This brought to mind one of John Updike’s late novels, Toward the end of time, his 18th, published in 1997 when he was 65.  Life is seen through the journal of a retired investment adviser living north of Boston in 2020. Updike gradually and incidentally reveals that his protagonist, preoccupied with personal and domestic problems, is living in the aftermath of a war between the US and China:
… Mexico, where the economy is sounder than our fragmented, warhead-pocked States. (22*)  
Few of the Chinese missiles made it this far, but there were pro-Chinese riots, and the collapse of the national economy has taken a cumulative physical toll. (40)  
Tax time. Though no one takes it seriously-the District of Columbia is entirely given over to deserted monuments and warring gangs of African-American teenagers, who have looted every office of its last stapler and photocopier refill cartridge - a ghost of federal government exists in Maryland and Virginia, too weak to do anything but send out forms, which I sentimentally file in the drawer along with my pre-war returns... (119)
The war (which was perhaps less between us and China than between China and our protege, Japan, over the control of Asia, including separatist Siberia) had left Japan too ruined to compete, although the resilience of a demolished nation is always greater than seems possible. Fresh shoots push through the hot ashes; weeds spring up in new mutations. (147/148)  

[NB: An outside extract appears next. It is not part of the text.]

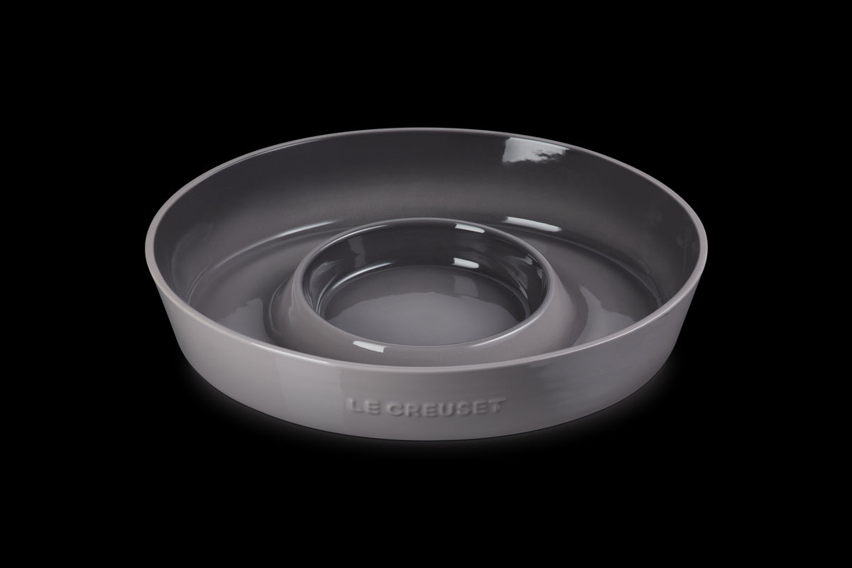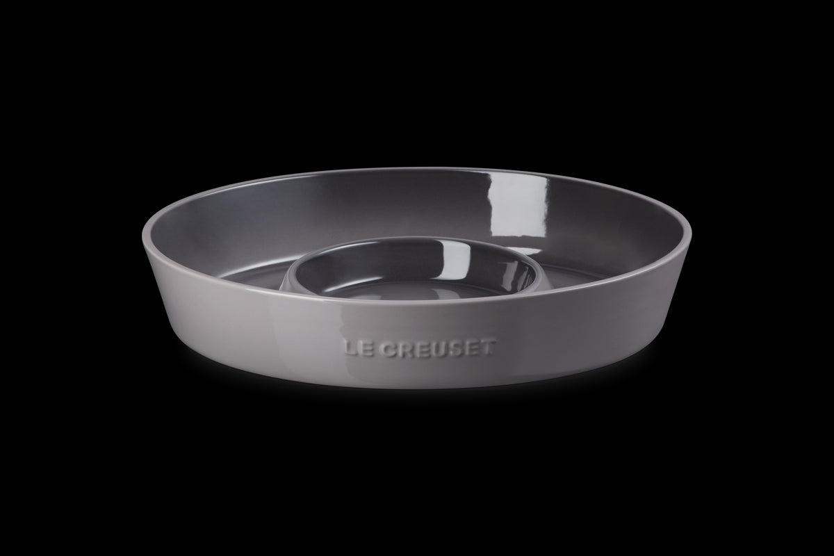 Crafted from premium stoneware for excellent heat retention and uniform temperature. Finished with a vibrant, non-porous glaze that resists scratches, stains, and flavor absorption. Center dip bowl holds sauces, garnishes, or a Mini Cocotte; wide outer section accommodates a variety of snacks or serving arrangements. Designed to seamlessly blend elegance with everyday utility.

Mexico, which had remained neutral during the Sino-American Conflict, was attracting many of our young people as a land of opportunity. Those who were denied legal admission were sneaking across the border in droves, while the Mexican authorities doubled the border guard and erected more electrified chain-link fences. They were talking of a Chinese-style wall, along Aztec design lines. (184)  
In fact, except for the empty office blocks and the apathetic, sometimes deformed male beggars in olive-green fatigues, there is oddly little in contemporary America to recall the global holocaust of less than a decade ago. The national style has always been to move on. Business as usual is the pretense and the ideal, though the President and the legislators down in Washington have as little control over our lives as the Roman emperors in the fifth Christian century- did over the populations of Iberia or Thrace. Even before the war, the bureaucracy had metastasized to the point of performing no function but its own growth. The postwar world dreads all centralized power. Our commonwealth scrip is printed not in Boston or centrally located Worcester but by six or seven independent small-town presses; the design varies widely. Still, electronic connections with other regions of the country are reviving, and commerce is imposing its need for an extended infrastructure. There is even talk of air service from New York to California, hit hardest by the Chinese bombers and further reduced-to near-Stone Age conditions, it was said-by earthquakes, brushfires, and mud slides. Reuniting the coasts is a dream demagogues make much of, on talk radio. (206/207)  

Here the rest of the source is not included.